--- START ---

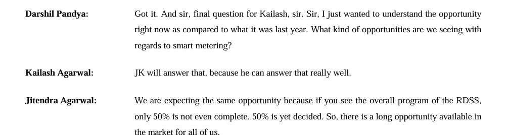 I am sure that total installed smart meters and smart meters where tenders are already awarded would constitute for more than 50% of the total energy meters in India. Smarts meters would majorly be in Tier1 & Tier 2 cities only. We would have Tier3, Tier 4 & Rural area’s yet to be covered with smart meters.
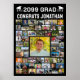 Celebra tu graduación con una muestra de recuerdos de fotos a través de los años impresos en una poster con esta plantilla de collage de fotos fácil de subir con 59 imágenes cuadradas y rectangulares para acomodar una variedad de temas de fotos. El diseño presenta el texto personalizado en su elección de estilos de fuente y colores (mostrados con un guión moderno de caligrafía en blanco) acentuados por tapones de graduación o morteros y diplomas con un color de fondo editable. Todos los colores de texto y gráfico se pueden cambiar a colores de temas escolares o fiestas. Hace una gran decoración en una fiesta de graduación y de recuerdo conmemorativo. OPCIONES: El ejemplo se muestra en un tamaño de XXxXX" en papel de valor (mate); en la página de pedidos están disponibles otros tamaños de impresión estándar y personalizado y calidad de papel, archivo de descarga digital instantánea para imprimir localmente o transferir el diseño a un tablero de espuma, banner, lienzo u otras opciones de producto. CONSEJO DE TAMAÑO: Elija Tamaño de Personalizado para bordes pares cambiando la altura y el ancho proporcionalmente DESPUÉS de hacer clic en el icono DESBLOQUEAR (parece un enlace de cadena). ASISTENCIA: Para obtener ayuda con la modificación o personalización del diseño, el cambio de color, el cambio de tamaño o la transferencia del diseño, póngase en contacto con el diseñador ANTES DE ORDENAR a través de la pestaña MENSAJE de chat de Zazzle o envíe un correo electrónico a makeitaboutyoustore@gmail.com.
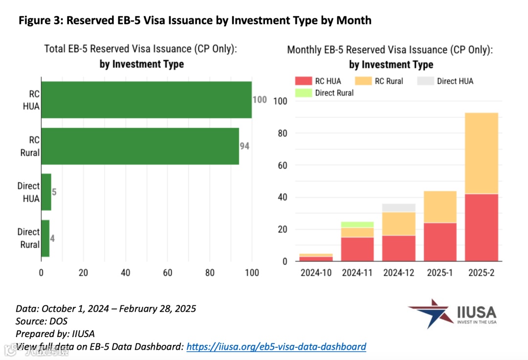 报告显示,2025财年前五个月,仅签发了98个新政EB-5乡村地区预留签证和105个高失业地区预留签证。这意味着乡村地区的签证使用率仅为2%,高失业地区的签证使用率仅为5%。(未包含通过USCIS身份调整申请的EB-5签证使用情况。)
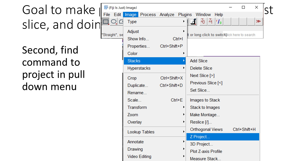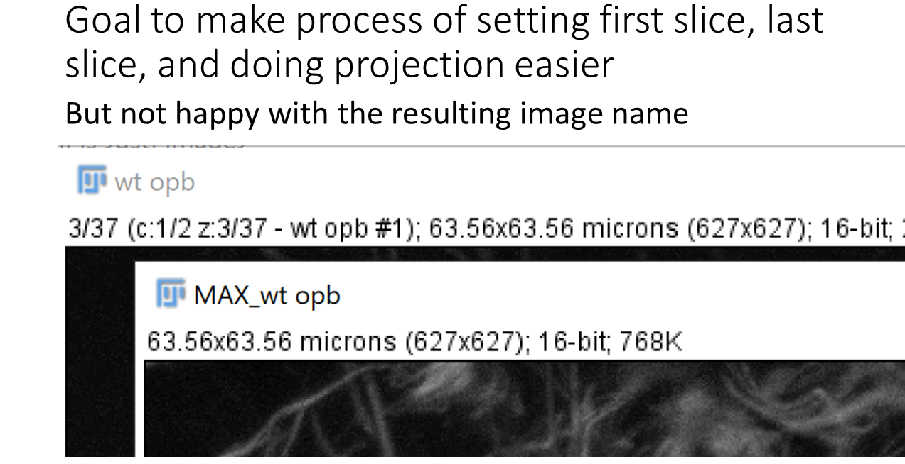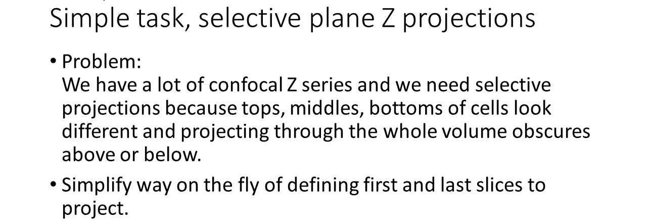 The following slides are from the talk explaining the different methods. The first slides show how the Z projections are done manually. This can get tedious. Methods are shown to make this easier using macros with pull down menu, F keys, right click pull down menu, and (my favorite) an all click in mapped regions method.
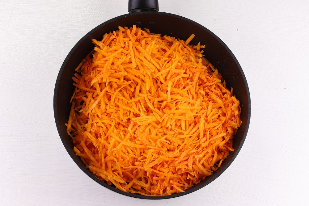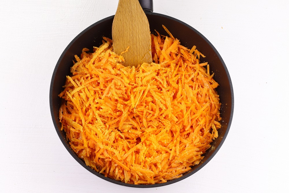 Морковь рекомендую взять сладкую, которая не будет слишком жесткой. Я всегда выбираю молодую, сочную морковь – она быстрее готовится и обладает более сладким вкусом. Такая морковь после термической обработки становится мягкой и нежной, идеально подходит для начинки. Если же вы используете морковь более старую, то натрите ее на мелкой терке, чтобы она быстрее приготовилась и стала мягкой.
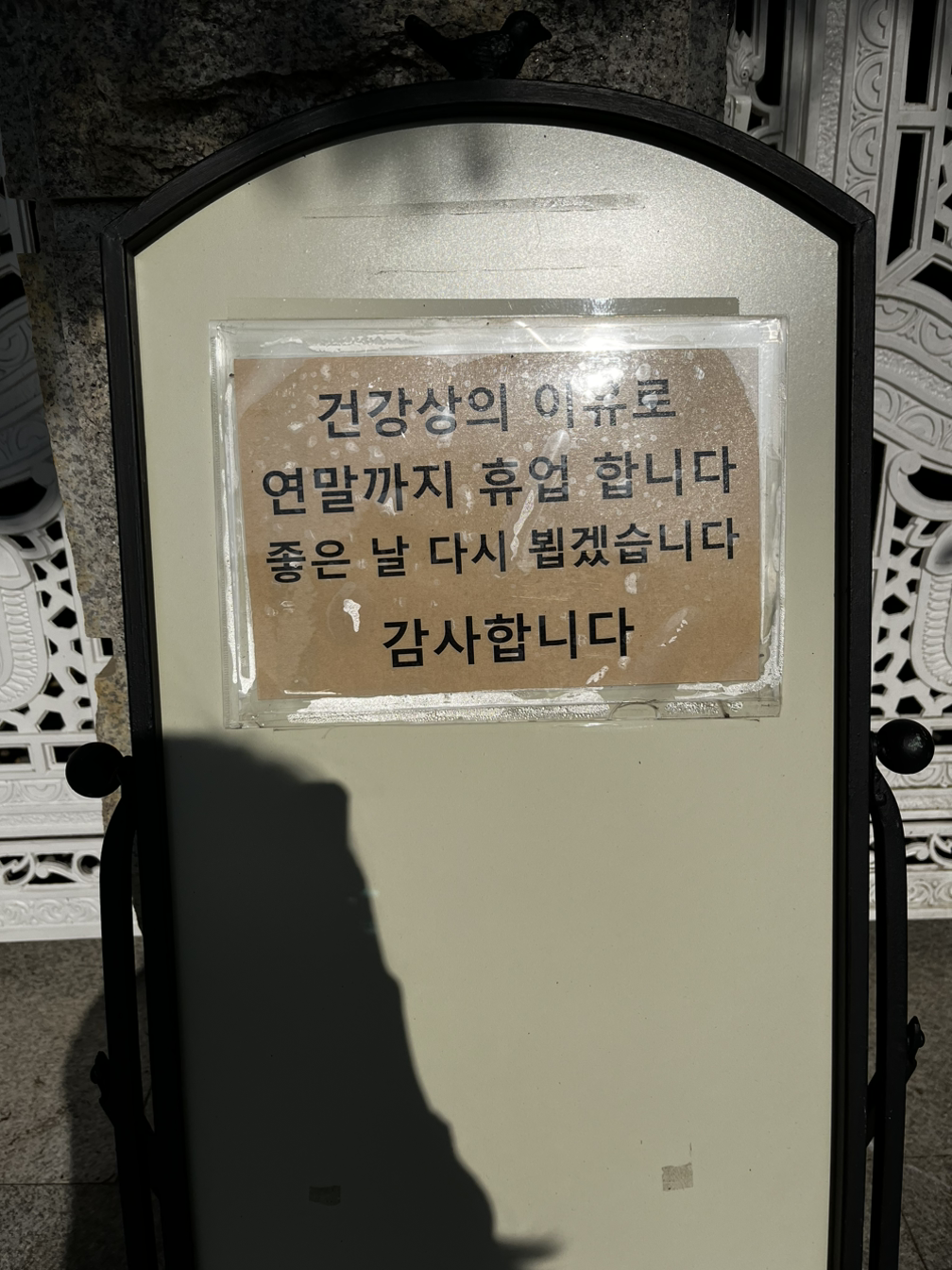 집으로 돌아가기 전, 영업을 중단했다는 카페인 <카페 보눔>을 찾아가 봤다. 카페 뒷길을 먼저 찾아갔는데 규모가 정말 컸던 게 놀라웠었다. 정문을 찾아갔더니 영업을 중단했다는 팻말이 보였다. 건강상의 이유로 중단하셨다는데 건강을 회복하셔서 꼭 다시 돌아오셨으면 한다.
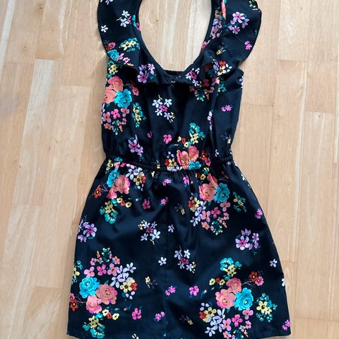 Selger en pen lang topp / tunika fra Primark i str XS. Den er ermeløs og flerfarget. Den har bred strikk med volang øverst og den er lett utsvinget. Den er ikke brukt, men emballasjen er dessverre borte. Ble litt krøllete under flytting. Se bilder for nærmere detaljer.

--- END ---

- [PROBLEM]
Pictures do not belong in the copy. Please reproduce the entries above exactly otherwise.

- [OUTPUT OF THE TASK]
 I am sure that total installed smart meters and smart meters where tenders are already awarded would constitute for more than 50% of the total energy meters in India. Smarts meters would majorly be in Tier1 & Tier 2 cities only. We would have Tier3, Tier 4 & Rural area’s yet to be covered with smart meters.
 Celebra tu graduación con una muestra de recuerdos de fotos a través de los años impresos en una poster con esta plantilla de collage de fotos fácil de subir con 59 imágenes cuadradas y rectangulares para acomodar una variedad de temas de fotos. El diseño presenta el texto personalizado en su elección de estilos de fuente y colores (mostrados con un guión moderno de caligrafía en blanco) acentuados por tapones de graduación o morteros y diplomas con un color de fondo editable. Todos los colores de texto y gráfico se pueden cambiar a colores de temas escolares o fiestas. Hace una gran decoración en una fiesta de graduación y de recuerdo conmemorativo. OPCIONES: El ejemplo se muestra en un tamaño de XXxXX" en papel de valor (mate); en la página de pedidos están disponibles otros tamaños de impresión estándar y personalizado y calidad de papel, archivo de descarga digital instantánea para imprimir localmente o transferir el diseño a un tablero de espuma, banner, lienzo u otras opciones de producto. CONSEJO DE TAMAÑO: Elija Tamaño de Personalizado para bordes pares cambiando la altura y el ancho proporcionalmente DESPUÉS de hacer clic en el icono DESBLOQUEAR (parece un enlace de cadena). ASISTENCIA: Para obtener ayuda con la modificación o personalización del diseño, el cambio de color, el cambio de tamaño o la transferencia del diseño, póngase en contacto con el diseñador ANTES DE ORDENAR a través de la pestaña MENSAJE de chat de Zazzle o envíe un correo electrónico a makeitaboutyoustore@gmail.com.
 报告显示,2025财年前五个月,仅签发了98个新政EB-5乡村地区预留签证和105个高失业地区预留签证。这意味着乡村地区的签证使用率仅为2%,高失业地区的签证使用率仅为5%。(未包含通过USCIS身份调整申请的EB-5签证使用情况。)
 The following slides are from the talk explaining the different methods. The first slides show how the Z projections are done manually. This can get tedious. Methods are shown to make this easier using macros with pull down menu, F keys, right click pull down menu, and (my favorite) an all click in mapped regions method.
 Морковь рекомендую взять сладкую, которая не будет слишком жесткой. Я всегда выбираю молодую, сочную морковь – она быстрее готовится и обладает более сладким вкусом. Такая морковь после термической обработки становится мягкой и нежной, идеально подходит для начинки. Если же вы используете морковь более старую, то натрите ее на мелкой терке, чтобы она быстрее приготовилась и стала мягкой.
 집으로 돌아가기 전, 영업을 중단했다는 카페인 <카페 보눔>을 찾아가 봤다. 카페 뒷길을 먼저 찾아갔는데 규모가 정말 컸던 게 놀라웠었다. 정문을 찾아갔더니 영업을 중단했다는 팻말이 보였다. 건강상의 이유로 중단하셨다는데 건강을 회복하셔서 꼭 다시 돌아오셨으면 한다.
 Selger en pen lang topp / tunika fra Primark i str XS. Den er ermeløs og flerfarget. Den har bred strikk med volang øverst og den er lett utsvinget. Den er ikke brukt, men emballasjen er dessverre borte. Ble litt krøllete under flytting. Se bilder for nærmere detaljer.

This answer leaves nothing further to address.